On a recent cross-country trip—I (Paul) drove from California to Illinois and back again. On the drive, I saw a sign I had never seen before: In a McDonald’s window it said $1,000 SIGNING BONUS. That was not a thing when I was a teenager doing minimum-wage jobs. No one paid you $1,000 signing bonuse...
I thought it was an interesting read. It's a very Pollyannish piece about the future where AI is somehow able to enable a workforce productivity revolution to save the American economy from its declining labor force.
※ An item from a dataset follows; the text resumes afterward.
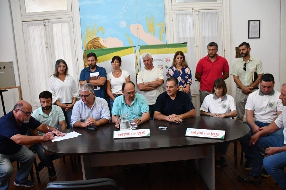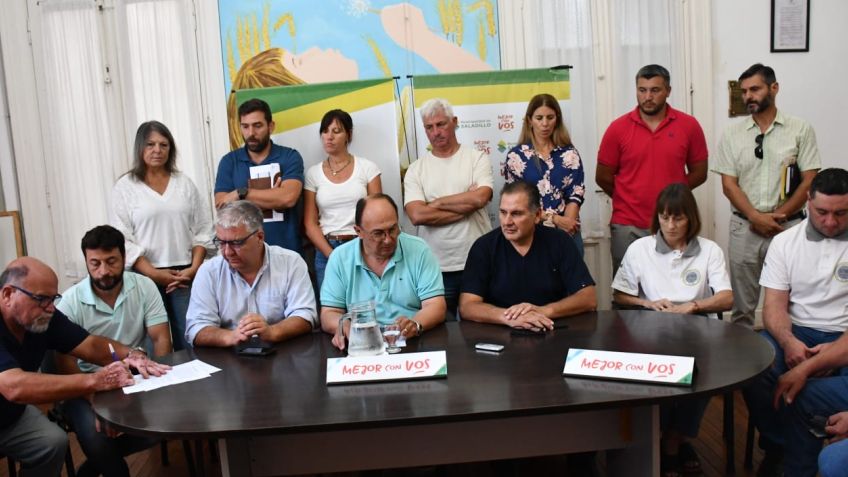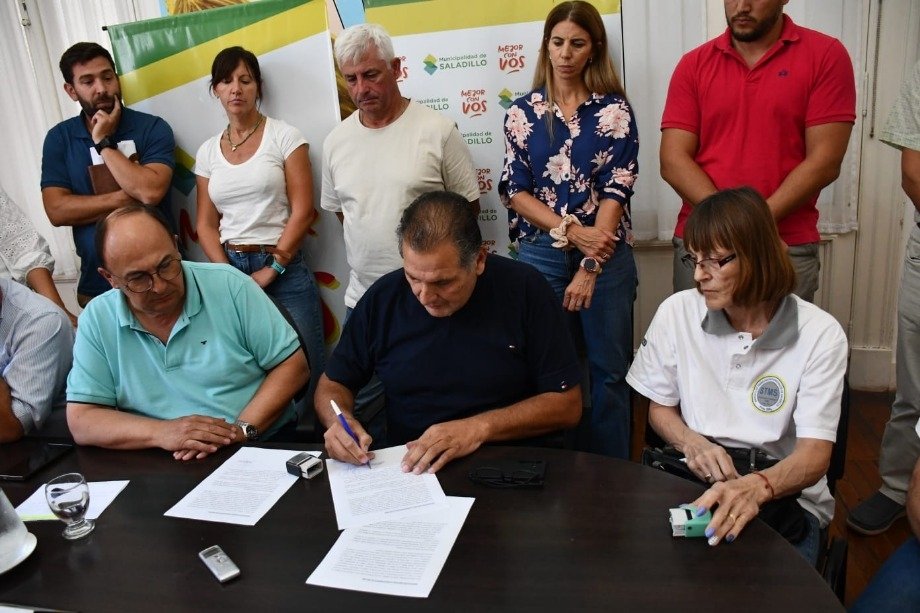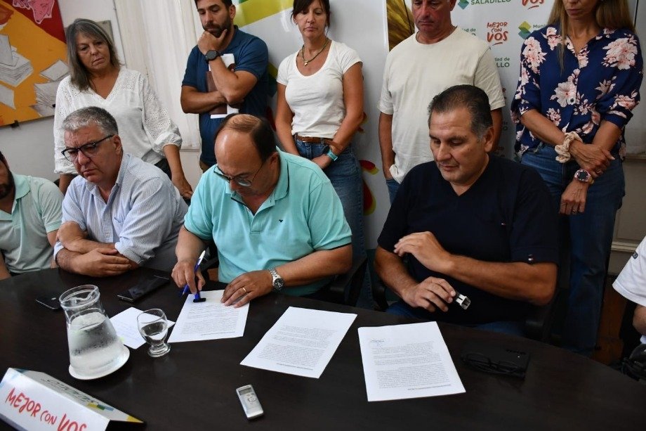 El Intendente Municipal Ing. José Luis Salomón junto con el Secretario de Hacienda Contador Gustavo Ramundo, funcionarios del equipo de gobierno de gestión local, y las representaciones gremiales del Sindicato de Trabajadores Municipales y UPCN Unión del Personal Civil de la Nación anunciaron el acuerdo de la negociación paritaria para los trabajadores municipales de Saladillo.

But in the meantime they make the argument based on some quantitative economic work that in the last few years, growth in employment has slowed because automation is displacing many more workers than new jobs are being created from the automation. They even admit that this is mostly achieved by shoveling costs onto the consumer. The self-awareness is wild.
It's very telling that in the host of reasons this person gives for the so called "shortage of labor" (which is actually a shortage of an industrial reserve army), not one of the is stagnant salaries.
No one is willing to admit that in most areas salaries are stagnant when compared to the enormous growth in labor productivity and cost of essential goods and services (food, housing, education, etc) and that's the root cause of a resistance or workers to enter the "reserve army" in those areas. Simple like that.
Increase pay, and people will join. If you can't increase pay enough to find employees, then your business isn't viable and you need to do something.